:: WHAT THE EXERCISE ASKS ::
Reproduce the records below exactly from their first line through the line containing "Su una storia", omitting all pictures.

(Data records)
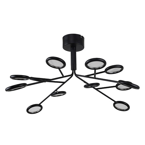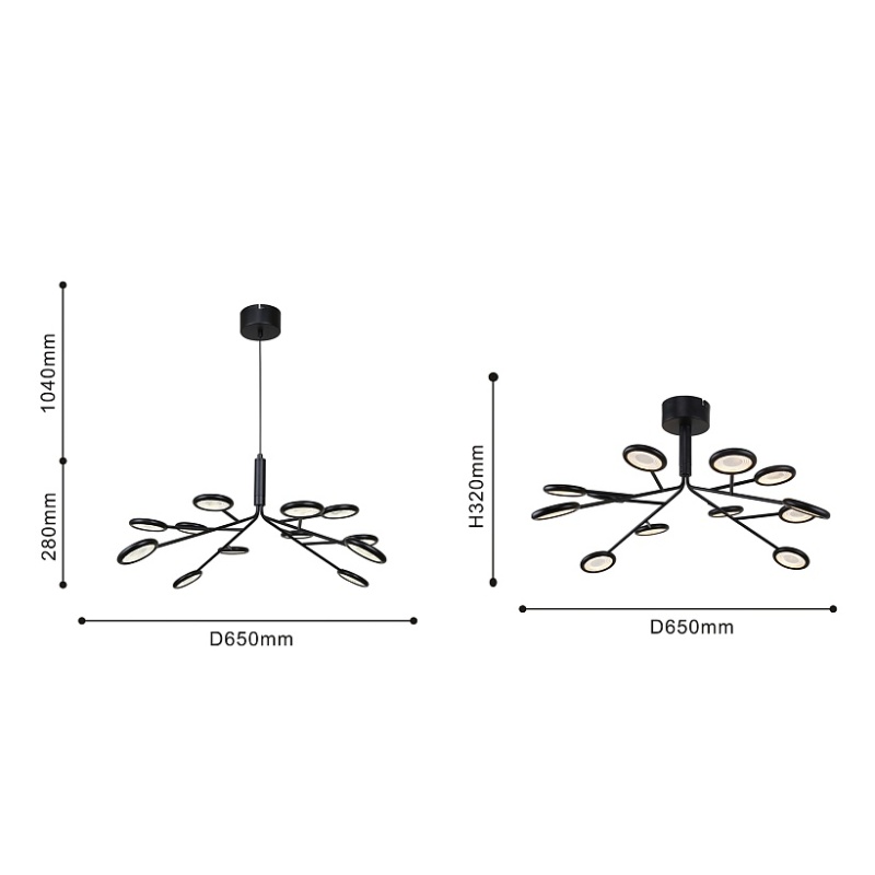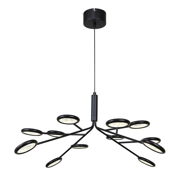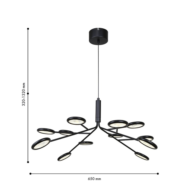 Металлический каркас матового черного цвета, внутренний периметр плафонов подсвечен лентой-LED, рассеиватель из акрила с нанесенным на него круговым узором, регулируемая высота.
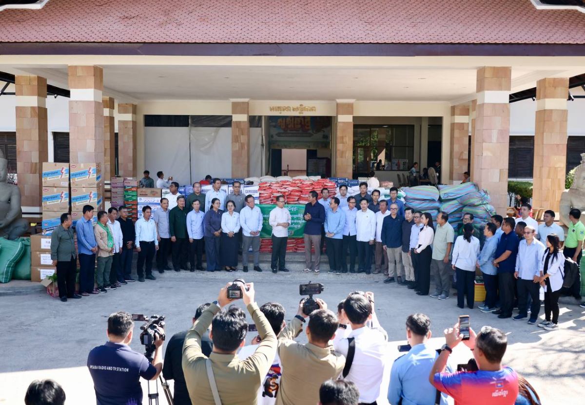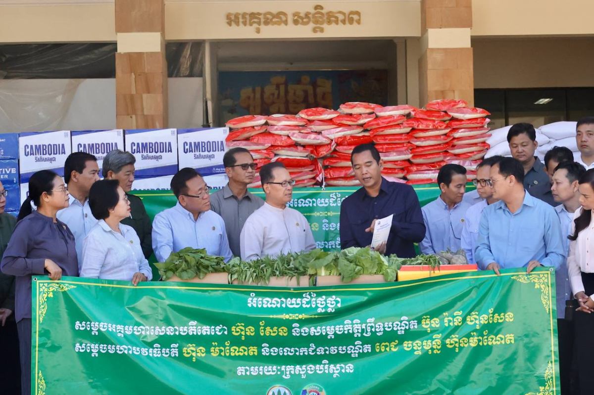 សូមបញ្ជាក់ថា អំណោយដ៏ថ្លៃថ្លាជាស្បៀងអាហារ និងសម្ភារៈប្រើប្រាស់ របស់សម្តេចតេជោ ហ៊ុន សែន ប្រធានព្រឹទ្ធសភា និងសម្តេចកិត្តិព្រឹទ្ធបណ្ឌិត ប៊ុន រ៉ានី ហ៊ុនសែន និងសម្តេចធិបតី ហ៊ុន ម៉ាណែត នាយករដ្ឋមន្ត្រីនៃព្រះរាជាណាចក្រកម្ពុជា និងលោកជំទាវបណ្ឌិត ពេជ ចន្ទមុន្នី តាមរយៈក្រសួងបរិស្ថាន ដែលបានត្រូវប្រគល់ជូននាពេលនេះរួមមាន៖ ទឹកឋុទ្ធ ដបធំ. អំបុក អង្ករ មី សំលៀកបំពាក់ ខោអាវ ភួយ ត្រីខទឹកសុទ្ធ ទឹកក្រូច នំក្រៀម ដំណាប់ស្វាយ រួមជាមួយគ្រឿងឧបភោគបរិភោគ ជាច្រើនផ្សេងទៀត៕
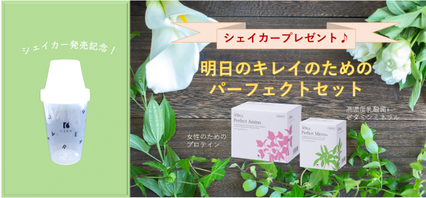 ビタミンEを配合したオリジナルオイル「セラリキッド」の販売や、治療院の運営等を手掛ける株式会社セラ(本社:東京都港区南青山3-14-26/代表取締役社長:町田映子)の公式ストア「セラストア」では、2021年10月4日より10月25日まで新しくなったCERA パーフェクトアミノ シェイカーの発売開始を記念し、パーフェクトセットご購入のお客様にシェイカーをプレゼント致します。
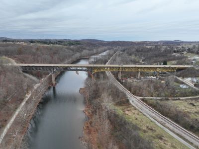 In Summer 2024, the Wheeling & Lake Erie railroad bridge was realigned and replaced
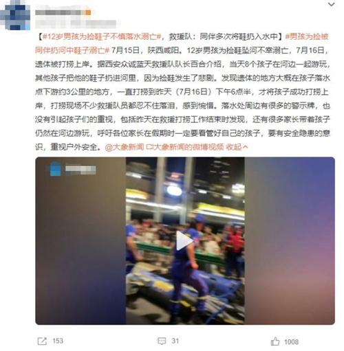夏日的咸陽,陽光明媚,天氣炎熱,成群的孩子們在河邊游戲嬉戲。然而,這樣的歡樂游戲也蘊藏著不容忽視的危險。7月15日,一起悲劇在陜西咸陽發生:一名年僅12歲的男孩因為撿鞋墜河不幸溺亡,整個社區為之哀悼。
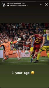 Su una storia sul proprio profilo Instagram, Nicolò Zaniolo ha voluto ricordare la finale Conference League a Tirana. Ad un anno esatto di distanza, l’ex 22 giallorosso ha condiviso una foto del suo gol che ha deciso la sfida con il Feyenoord in terra albanese, accompagnata dalla scritta “Un anno fa”.
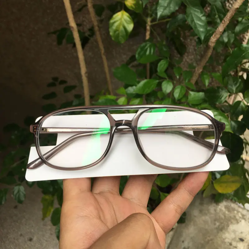 Материал оправы очков: ацетат ручной работы Линзы: антибликовые Асферические полимерные, оптические линзы Размер: больше размера d Цвет: прозрачный серый Качество: Премиум Советы: если у вас очень большая голова, это именно то, что вы ищете. С установленными оптическими линзами вы можете использовать их для защиты глаз, остановки компьютера или мобильный телефон излучения.
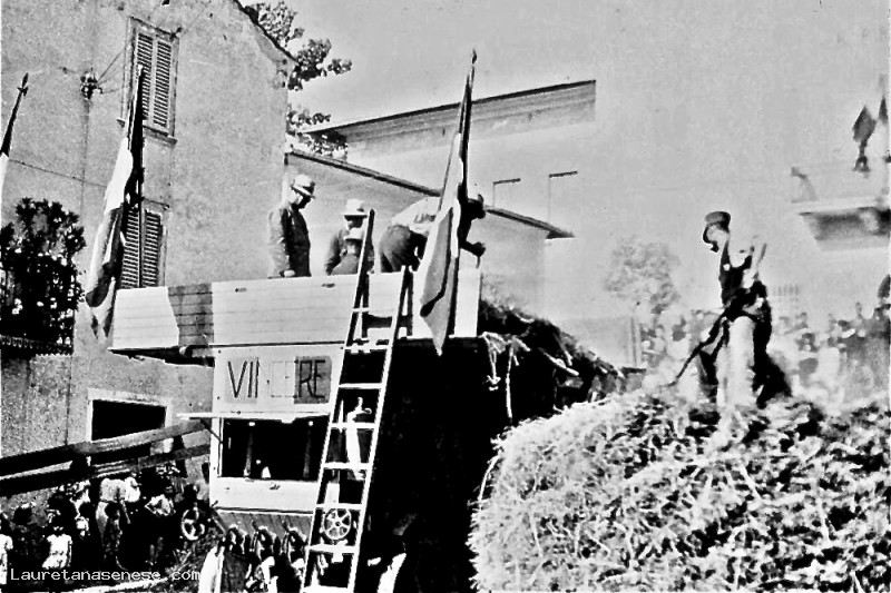 Particolare della Tribbiatura in Piazza Garibaldi, che evidenzia il motto scritto sul retro della macchina trebbiatrice, voluto dal regime fascista "VINCERE" con sotto il tricolore.
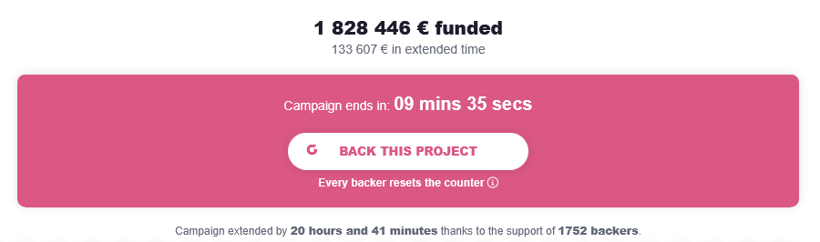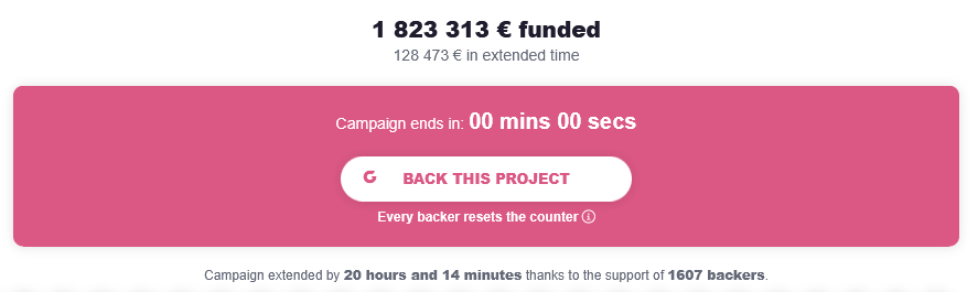 On est passé à +120k et +1400 backers, c’est beaucoup pour une campagne qu’était censée être terminée. (même si je pense que le nombre de backers est biaisé car c’est ceux qui ont permis de reset le timer mais pas forcément des newcomers si ?)
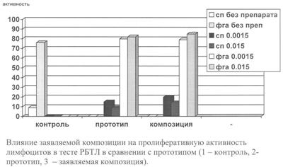 Из графика хорошо видно, что заявляемая композиция в изученных концентрациях оказывает стимулирующее действие на спонтанную активность лимфоцитов в диапазоне 30-55% относительно прототипа и до 120% относительно контроля. Кроме того, видно, что заявляемая композиция не оказывает угнетающего действия на индуцированную ФГА пролиферативную активность лимфоцитов.
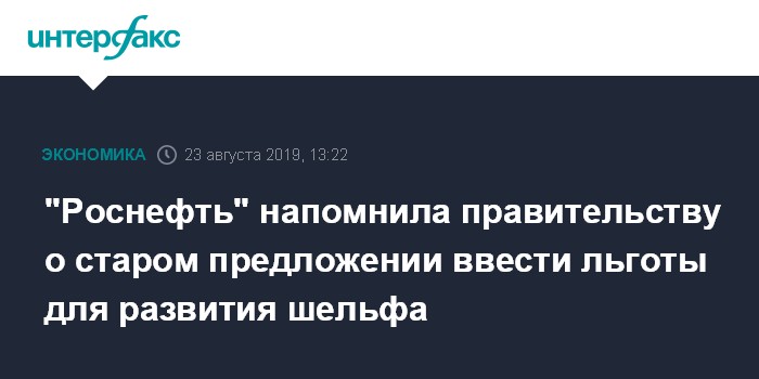 В середине июля компания написала письмо в администрацию президента и указала, что Минфин и Минэнерго до сих пор не завершили проработку трех предложений "Роснефти" о стимулировании развития шельфа, рассказал он. Ранее компания предлагала освободить от ввозных пошлин и НДС оборудование для береговых объектов, участвующих в освоении морских участков; организовать беспошлинную заправку судов и перевести месторождения Печорского и южной части Охотского морей из второй в четвертую и третью льготную группу участков на шельфе.
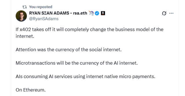 One analyst on X said if x402 takes over, it will fundamentally change the “business model of the internet” that web3 is based on.
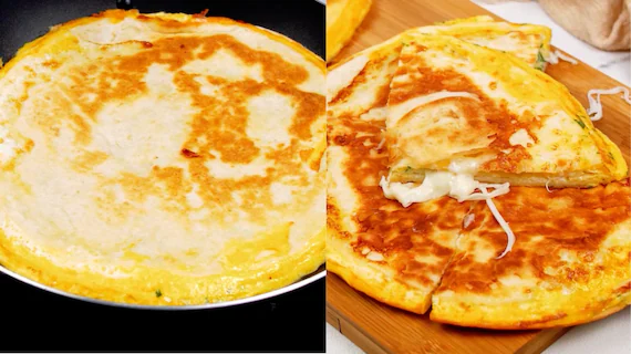 Using a spatula, carefully flip the omelette to cook the other side for another 2–3 minutes, until golden and fully cooked. Slide your crispy, cheesy, fluffy tortilla omelette onto a plate, slice, and enjoy immediately while warm.

:: THE ANSWER ::
 Металлический каркас матового черного цвета, внутренний периметр плафонов подсвечен лентой-LED, рассеиватель из акрила с нанесенным на него круговым узором, регулируемая высота.
 សូមបញ្ជាក់ថា អំណោយដ៏ថ្លៃថ្លាជាស្បៀងអាហារ និងសម្ភារៈប្រើប្រាស់ របស់សម្តេចតេជោ ហ៊ុន សែន ប្រធានព្រឹទ្ធសភា និងសម្តេចកិត្តិព្រឹទ្ធបណ្ឌិត ប៊ុន រ៉ានី ហ៊ុនសែន និងសម្តេចធិបតី ហ៊ុន ម៉ាណែត នាយករដ្ឋមន្ត្រីនៃព្រះរាជាណាចក្រកម្ពុជា និងលោកជំទាវបណ្ឌិត ពេជ ចន្ទមុន្នី តាមរយៈក្រសួងបរិស្ថាន ដែលបានត្រូវប្រគល់ជូននាពេលនេះរួមមាន៖ ទឹកឋុទ្ធ ដបធំ. អំបុក អង្ករ មី សំលៀកបំពាក់ ខោអាវ ភួយ ត្រីខទឹកសុទ្ធ ទឹកក្រូច នំក្រៀម ដំណាប់ស្វាយ រួមជាមួយគ្រឿងឧបភោគបរិភោគ ជាច្រើនផ្សេងទៀត៕
 ビタミンEを配合したオリジナルオイル「セラリキッド」の販売や、治療院の運営等を手掛ける株式会社セラ(本社:東京都港区南青山3-14-26/代表取締役社長:町田映子)の公式ストア「セラストア」では、2021年10月4日より10月25日まで新しくなったCERA パーフェクトアミノ シェイカーの発売開始を記念し、パーフェクトセットご購入のお客様にシェイカーをプレゼント致します。
 In Summer 2024, the Wheeling & Lake Erie railroad bridge was realigned and replaced
夏日的咸陽,陽光明媚,天氣炎熱,成群的孩子們在河邊游戲嬉戲。然而,這樣的歡樂游戲也蘊藏著不容忽視的危險。7月15日,一起悲劇在陜西咸陽發生:一名年僅12歲的男孩因為撿鞋墜河不幸溺亡,整個社區為之哀悼。
 Su una storia sul proprio profilo Instagram, Nicolò Zaniolo ha voluto ricordare la finale Conference League a Tirana. Ad un anno esatto di distanza, l’ex 22 giallorosso ha condiviso una foto del suo gol che ha deciso la sfida con il Feyenoord in terra albanese, accompagnata dalla scritta “Un anno fa”.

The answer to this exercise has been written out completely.